Stored entries
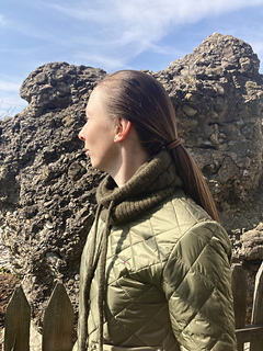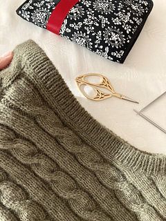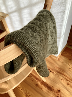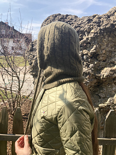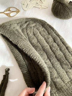 Die olivgrüne Solène Hood wurde mit Cashmere 6/28 von Pascuali in der Farbe 90 Oliv gestrickt.
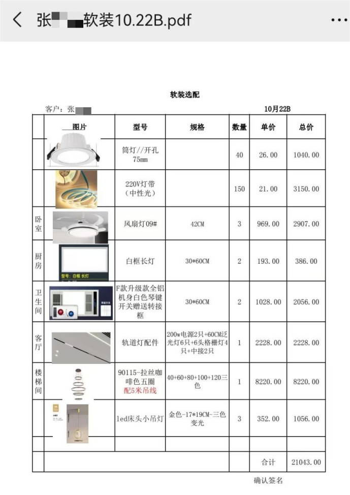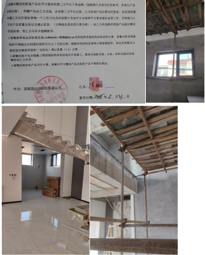 2024年5月,常年忙于工作的他为自建房规划全屋定制装修,经比对后选择了邯郸肥乡区新安镇的华北某公司,由公司廖总代为签订装修协议。协议约定装修面积163平方米,单价850元/平方米,总费用138600元,张先生分多次完成了支付。公司工作人员当时明确承诺,套餐涵盖墙面、屋顶、定制柜、套装门、楼梯等全套硬装,还提供33000元软装额度(含30000元产品及3000元物流人工补贴),可在外自行选购。
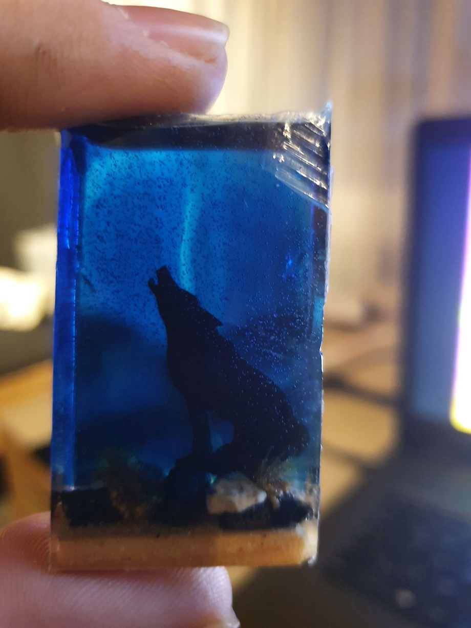 The resin is colored in 4 differrent colors which blend quit nicely into each other
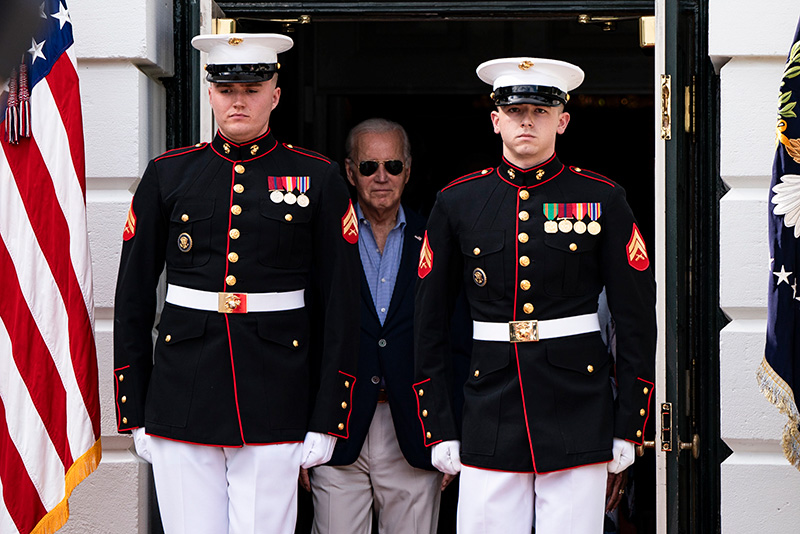 4. Marines stand by as President Joe Biden arrives to host a barbecue with active-duty military families on the South Lawn at the White House on Tuesday, July 4, 2023.
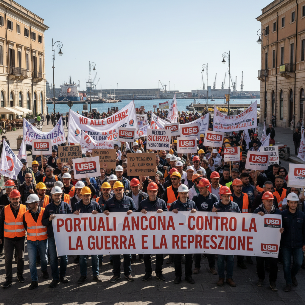 Un messaggio chiaro è emerso da Ancona, dove si è svolta una manifestazione caratterizzata da striscioni e fumogeni rossi, participanoti allo sciopero internazionale dei porti indetto dall’Unione sindacale di base (Usb) e dall’Unione portuali autonomi dorici (Upad). Il tema centrale è stato “I portuali non lavorano per le guerre”, un richiamo forte alla necessità di rimanere uniti contro le conseguenze disastrose dell’economia di guerra.
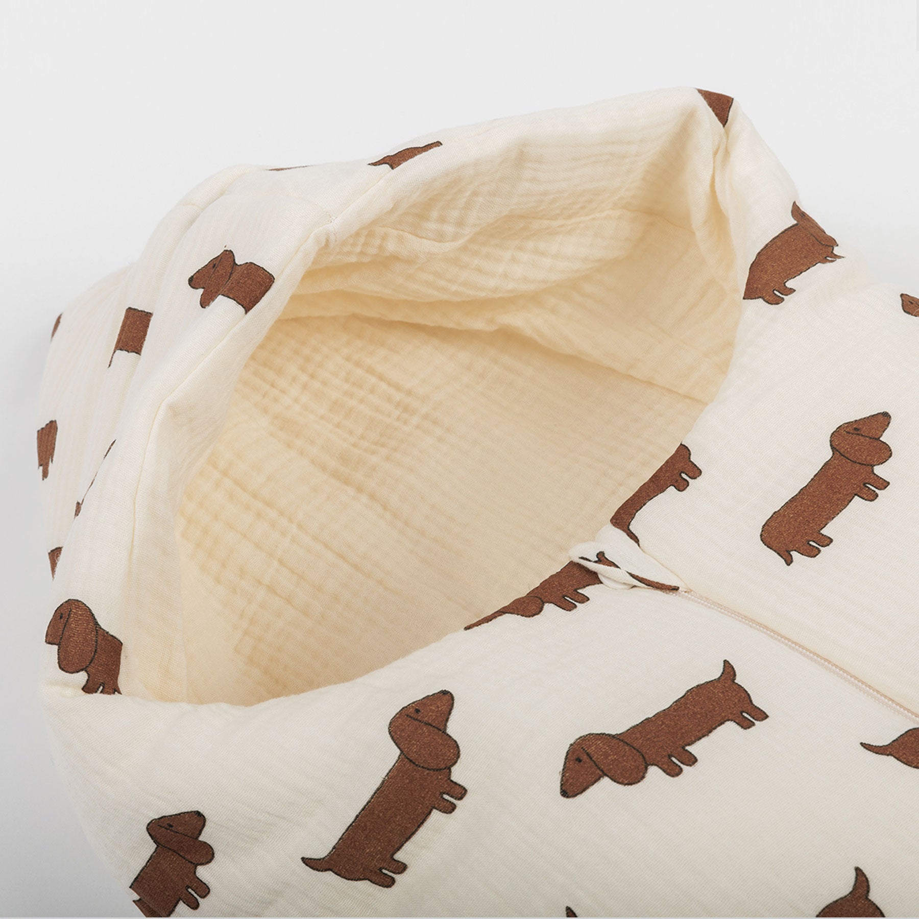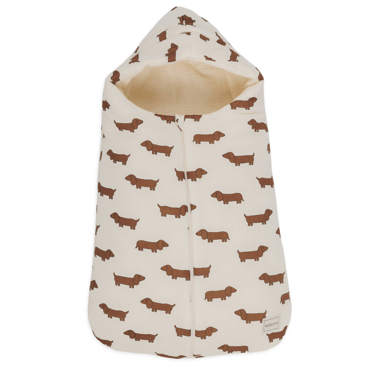 És un sac universal per a tots els capsets de cotxet, cucos, moisès, llits i minicunetes. El farcit és fi d'efecte ploma, molt tou i lleuger, ideal per a entretemps i les nits d'estiu.

# About this task
The goal is an exact reprint of the entries, leaving out the pictures.

# Exercise answer
 Die olivgrüne Solène Hood wurde mit Cashmere 6/28 von Pascuali in der Farbe 90 Oliv gestrickt.
 2024年5月,常年忙于工作的他为自建房规划全屋定制装修,经比对后选择了邯郸肥乡区新安镇的华北某公司,由公司廖总代为签订装修协议。协议约定装修面积163平方米,单价850元/平方米,总费用138600元,张先生分多次完成了支付。公司工作人员当时明确承诺,套餐涵盖墙面、屋顶、定制柜、套装门、楼梯等全套硬装,还提供33000元软装额度(含30000元产品及3000元物流人工补贴),可在外自行选购。
 The resin is colored in 4 differrent colors which blend quit nicely into each other
 4. Marines stand by as President Joe Biden arrives to host a barbecue with active-duty military families on the South Lawn at the White House on Tuesday, July 4, 2023.
 Un messaggio chiaro è emerso da Ancona, dove si è svolta una manifestazione caratterizzata da striscioni e fumogeni rossi, participanoti allo sciopero internazionale dei porti indetto dall’Unione sindacale di base (Usb) e dall’Unione portuali autonomi dorici (Upad). Il tema centrale è stato “I portuali non lavorano per le guerre”, un richiamo forte alla necessità di rimanere uniti contro le conseguenze disastrose dell’economia di guerra.
 És un sac universal per a tots els capsets de cotxet, cucos, moisès, llits i minicunetes. El farcit és fi d'efecte ploma, molt tou i lleuger, ideal per a entretemps i les nits d'estiu.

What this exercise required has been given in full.